Friday, May 29, 2009

Last King of Scotland

Quick quiz – who won Best Actor Oscar two years ago? 2007. Quick!

Give up?

Forest Whitaker.

He’s the big, gentle actor best known in my circles as one of the hunters in the decent SF flick Species – he was an “empath” – but general audiences may know him from such diverse roles as those in Fast Times at Ridgemont High, Bird, Platoon, and The Crying Game. Normally he’s soft-spoken and gives off a relaxed, peaceful vibe. He’s also obviously extremely well-ranged in his acting spectrum. Just how so is proved in his chameleonic role as Idi Amin in The Last King of Scotland, a magnetic, charming, and very, very frightening portrayal that earned him the well-deserved Award.

I didn’t know much about the dictator, recalling only those things I heard peripherally growing up in the late-70s. Cannibalism, I think, plus lots of people indiscriminately butchered in a faraway land. I was not even aware that this evil man lived on past his overthrowing, being somewhat surprised to hear that he died in 2003 after years of exile in – you guessed it! – the land our allies, Saudi Arabia, a land flowing with oil and extremism.



But I read mucho good things about the movie, so I decided to check it out. It follows the path of a youthful and idealistic Scottish doctor who decides, quite randomly, to go to Uganda to ply his skills and save the world (and more likely to escape his overbearing father).

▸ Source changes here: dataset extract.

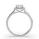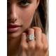 A ring of smaller diamonds surrounds the radiant centre stone in this halo setting. The frame adds extra sparkle to an already brilliant cut, creating layers of light. The setting secures all stones and the band provides a structured foundation. It's designed for those seeking serious visual impact. Explore all of our engagement rings.

He arrives in the hot and sweaty equatorial country at the beginning of the coup that brings Idi Amin to power. He, like we, very, very quickly become enthralled and hypnotized by the cult of personality that is Amin. A chance meeting where he heals the injured General’s arm draws our hero deeper and deeper into Amin’s graces, eventually becoming a “trusted” advisor. The young doctor finds out too late that it is impossible to extricate himself unscathed from the evil he has willingly wallowed among, a slumbering fly spun methodically into a cocoon by a black widow.

Forest Whitaker is jaw-dropping phenomenal as the dictator. Charming, psychotic, mercurial, imbalanced, persuassive and powerful. We’ve seem them before – Hitler and the upper-echelon Nazi aristocracy, Stalin, Mao, Minh, Hussein, even home grown phenomena such as John Gotti and his predecessors. That fascinating variable that is called by the blanket-term charisma, that indefinable, terrible element of personality that makes men follow its possessor up to and even through the gates of Hell. Whitaker nails it perfectly, it seems to me, in this two hour movie, of which he has perhaps a little over an hour’s screen time.

There’s lots and lots of tension and some violence, but nothing excessive save for two scenes, one brief and one drawn out, near the very end that were not entirely necessary to move the plot along, save to further show us how soulless and amoral men like Amin are. The young actor playing the Scottish doctor (I forget his name but my wife’s seen him in a couple of recent roles) does a tremendous job as well, making an incredulous story (one apparently “based” on true events) entirely believable. I guess I’m giving it a positive grade in this little post. I didn’t set out to review the movie, nor do I feel I’m qualified to do so, but I just felt obligated to say something about it, if only to praise the artistic value of a really good acting performance.